Oneliner Jokes

Following is our collection of funnies and chistes working better than reddit. They include Oneliner puns, dirty or clean gags suitable for kids, that are actually fun like the best witze.

The Best jokes about Oneliner

An orchestra one-liner

I popped off my g-string while fingering a minor

A maybe original one-liner

"I put blood, sweat, and tears into my work," said the disgusting bartender.

Tell me your best one-liner. I'll start.

Scientists have discovered that diarrhea runs in the genes.

Funny one-liner that George Carlin once wrote.

I knew a transsexual guy whose only ambition is to eat, drink, and be Mary.

My favorite One-liner

Light travels faster than sound. That's why some people apper bright until you hear them speak.

One-liners for when you're leaving - example: "I'm going to make like a baby, and head out."

I also use "Let's make like a chapped-ass, and split."
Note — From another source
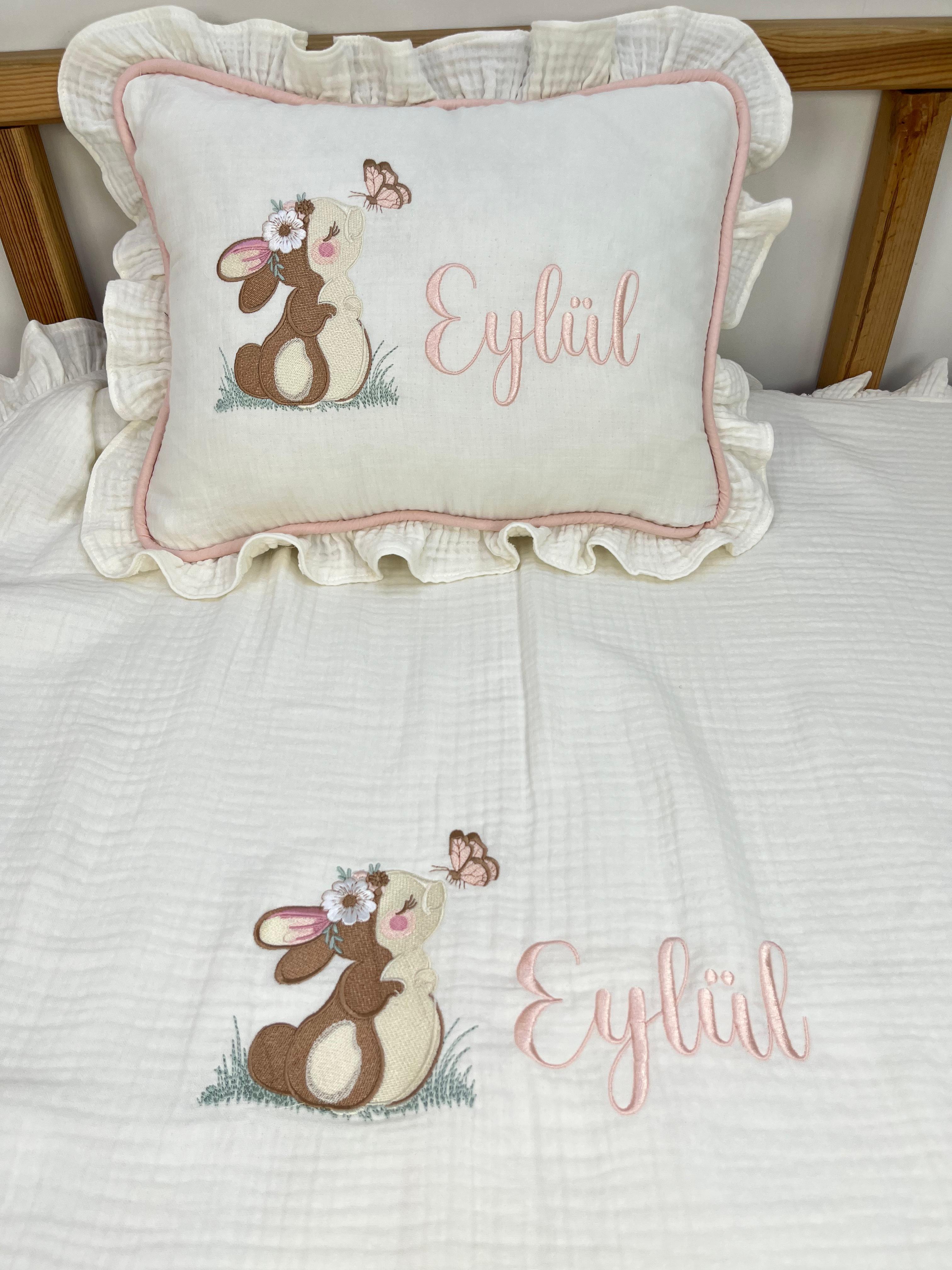 %100 pamuklu 4 kat müslin kumaştan üretilen fırfırlı Battaniye ve Yastık

What are some other good ones?

I know a hooker downtown that charges by the inch.

I can't afford her, but you probably could.

*(one-liner from the old guy that delivers stock to my work.)*

A one-liner a came up with.

I recently bought a superconducting electric heater... I was not impressed!

They say one-liners are the lowest form of comedy

That's why I only tell my jokes to midgets

Election One-Liner

Looks like the Democrats were holding strong in the Midwest until the republicans got off work..

A one-liner comedian and a geneticist were planning a family

using a pun-net square

My friend came up with this fabulous one-liner.

I wrote this funny oneliner on a post-it and placed it on my best friend's back.

I started laughing, but he didn't get it. Thats when I told him: 'The joke is on you, buddy!'

Any joke is a one-liner

if your page is wide enough.

What's dad's best one-liner?

"My wife."

Just came up with a one-liner after hearing an ad on the radio

Conflict-free wedding ring is an oxymoron.

Are one-liners accepted?

I immediately stopped telling people I was xenophobic when I realized it doesn't mean "afraid of xenomorphs".

Did you guys hear the one-liner about the Monorail?

Terrible one-liner I came up with while on autopilot at work.

I'm not saying I'm a sex guru, but I know most of the ins and outs

Epicurean One-Liner

The death row inmate eats burgers and fries.

A one-liner walks into a bar.

How do you call a self-restrained coke addict?

A one-liner

Use only working piadas for adults and blagues for friends.